Health at the mercy of fossil fuels

Each year the Lancet, one of the world’s leading medical journals, publishes a report on the global status on health and climate change. We’ve summarized some of the most relevant findings for you.

Number of heat-related deaths is increasing

During the last 40 years, the number of heatwave days has steadily increased. Vulnerable populations – adults older than 65 years and children younger than one year of age – were exposed to 3.7 billion more heatwave days in the period 2012-2021, annually, compared with the period 1986–2005. The number of heat-related deaths increased by 68% between 2000-2004 and 2017-2021.

Number of work hours lost due to heat is increasing

The increase of the number of heatwave days also effects labour productivity. Since 1999, the number of work hours lost because of excessive heat exposure increased by 5.6 billion hours each year. In 2021 this loss had accumulated to 470 billion work hours – an increase of 37% compared with the end of last century. Two thirds of all labour hours lost globally in 2021 were in the agricultural sector. This proportion was highest in the least developed countries.

Exposure to wildfires and droughts is increasing

The human exposure to days of very or extremely high wildfire danger has increased in 61% of the countries from 2001-2004 to 2018-2021. On average, 29% more global land area was affected by extreme drought for at least one month in a year in the period 2012-2021 compared with 1951-1960. The Middle East and north Africa was particularly affected, with some areas experiencing more than 10 extra months of extreme drought.

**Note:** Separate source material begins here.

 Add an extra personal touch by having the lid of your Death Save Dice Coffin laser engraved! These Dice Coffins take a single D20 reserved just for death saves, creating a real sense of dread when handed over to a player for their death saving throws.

Risk infectious diseases is increasing

The changing climate is affecting the spread of infectious diseases such as malaria and dengue, putting populations at higher risk of emerging diseases and epidemics.

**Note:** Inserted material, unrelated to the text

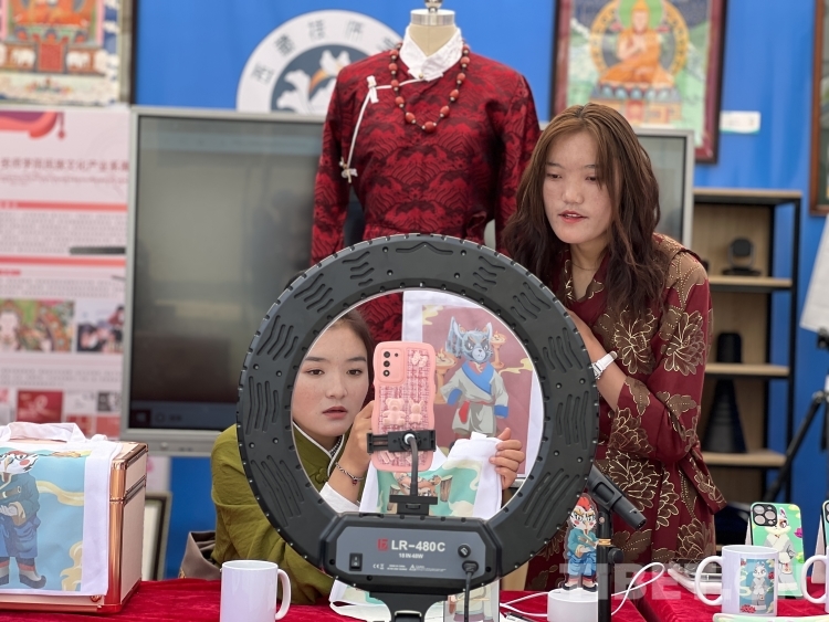 在展示交流區(qū),兩名穿著藏裝的姑娘正在通過(guò)直播向觀眾介紹有十二生肖圖案的被子、手機(jī)殼、筆記本等各類(lèi)產(chǎn)品,也吸引著現(xiàn)場(chǎng)嘉賓前來(lái)參觀。“這些作品是民族文化產(chǎn)業(yè)系學(xué)生的作品,圖案都是學(xué)生自己繪畫(huà)的原創(chuàng)文創(chuàng)產(chǎn)品。”西藏技師學(xué)院數(shù)字信息產(chǎn)業(yè)系教師桑珍介紹,“兩位姑娘是21級(jí)電商專(zhuān)業(yè)學(xué)生,通過(guò)這次活動(dòng)一方面希望自己得到鍛煉,另一方面也是為7月份的電商大賽做前期的培訓(xùn)?!?/p>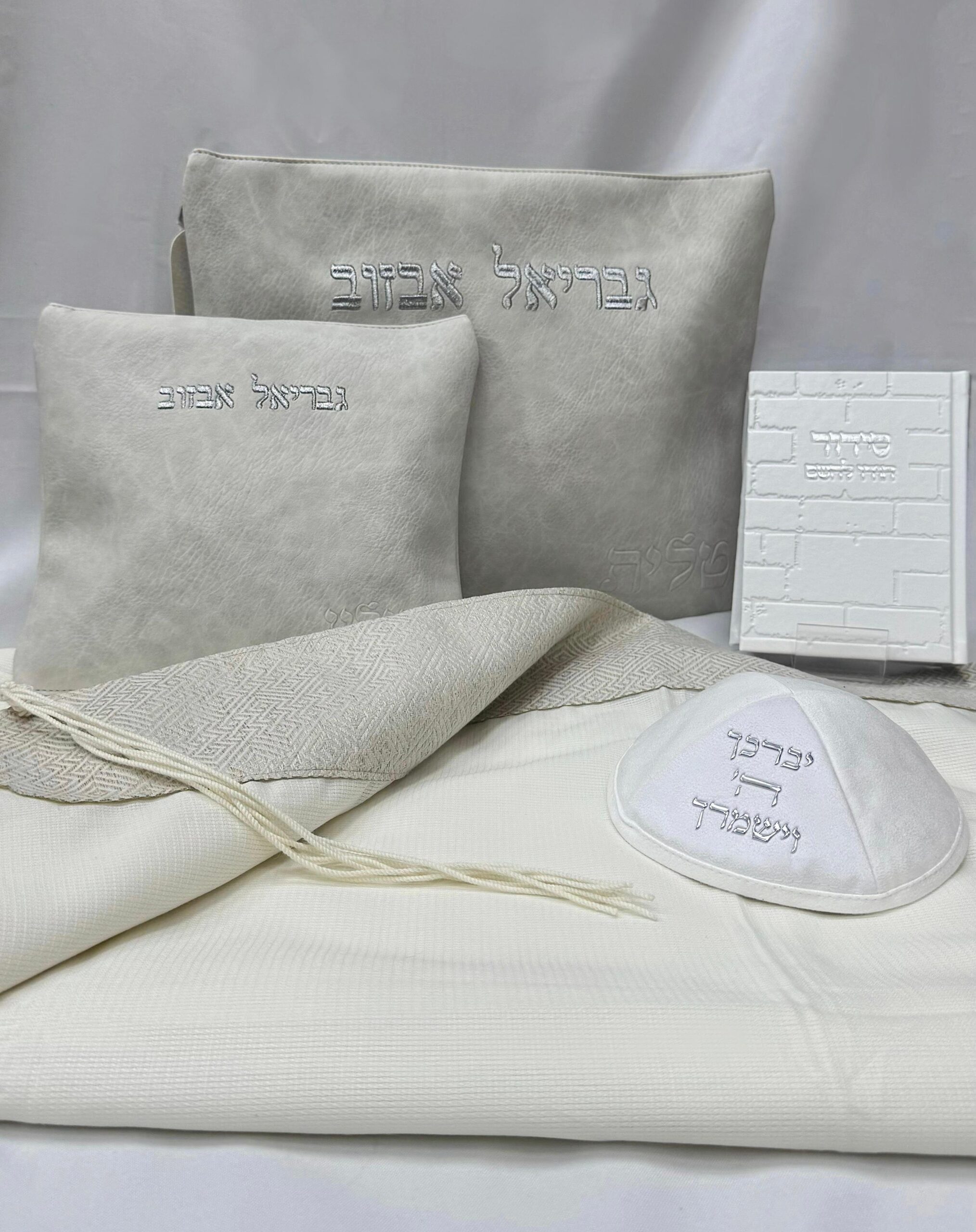 – סט כיסויים מהודר לטלית ולתפילין דמוי עור בתוספת רקמת שם.

Food insecurity for more people

Increased temperatures have shortened crop growth seasons of staple crops maize, rice and wheat, and reduced food security. 720–811 million people were hungry in 2020. An additional 98 million more people were exposed to moderate or severe food insecurity in 2020 compared with the annual average for 1981–2010 – probably because of extreme heat.

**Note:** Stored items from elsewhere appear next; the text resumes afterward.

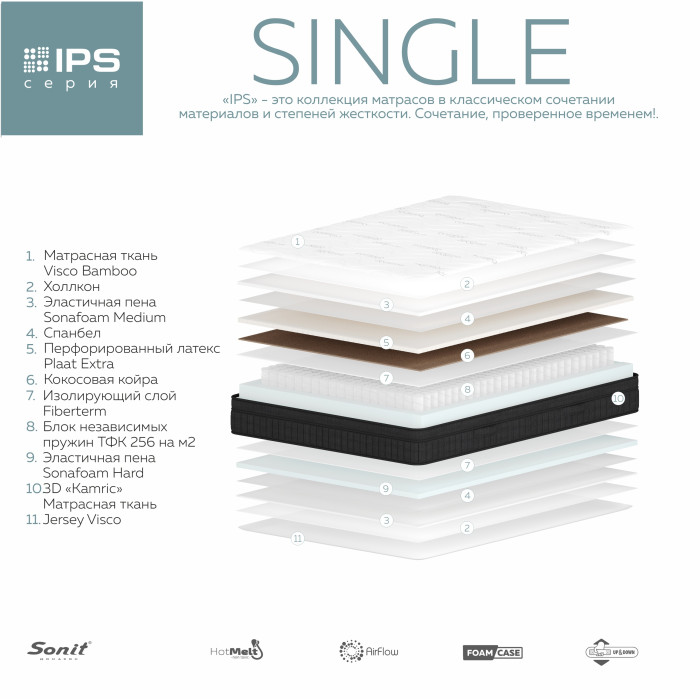 Жесткость: средняя/низкая. Высота: 250 мм.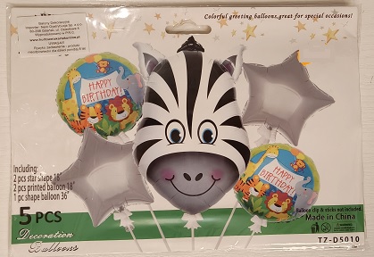 W skład zestawu wchodzą: 1szt. balon zebra 90cm, 2szt. balon okrągły 45cm, 2szt. balon gwiazdka 45cm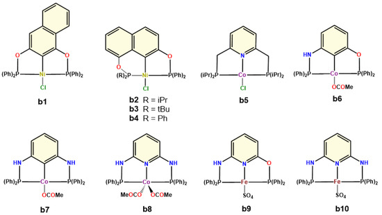 - Mukherjee, A.; Milstein, D. Homogeneous Catalysis by Cobalt and Manganese Pincer Complexes. ACS Catal. 2018, 8, 11435–11469. [Google Scholar] [CrossRef]

Gap health impacts and adaptation is increasing

According to the experts who wrote this Lancet 2022 report, ‘the pace and scale of climate change adaptation, planning, and resilience is far from what is necessary to reduce the health impacts of climate change.’ Of all the urban centres they looked at, only 27% had enough trees to be called ‘moderately green’, and just one out of three countries reported having heat-related early warning systems for health. The experts conclude that the gap between the health impacts of climate change on the one hand and the investments in adaptation and implementation on the other continues to increase.

The poor suffer the most

84% of global economic losses due to climate-related extreme events in 2021 affected the richest countries. The population of the poorest countries suffered the most, however, since in these countries almost none of the losses were insured. In 2021, extreme weather events caused damage worth US$ 253 billion. The annual monetised value of global heat-related mortality (in 2021) and premature mortality due to air pollution (in 2020) was estimated to be US$ 144 billion and US$ 2.3 trillion, respectively.

Hope for the future

The experts see ‘emerging glimmers of hope’, however. The coverage of health and climate change in the media is strongly increasing and reached a new record high in 2021, and this increasing attention is also reflected by country leaders. The interest in renewable energy generation is also increasing in response to the extremely high energy prices, and public health will benefit from this.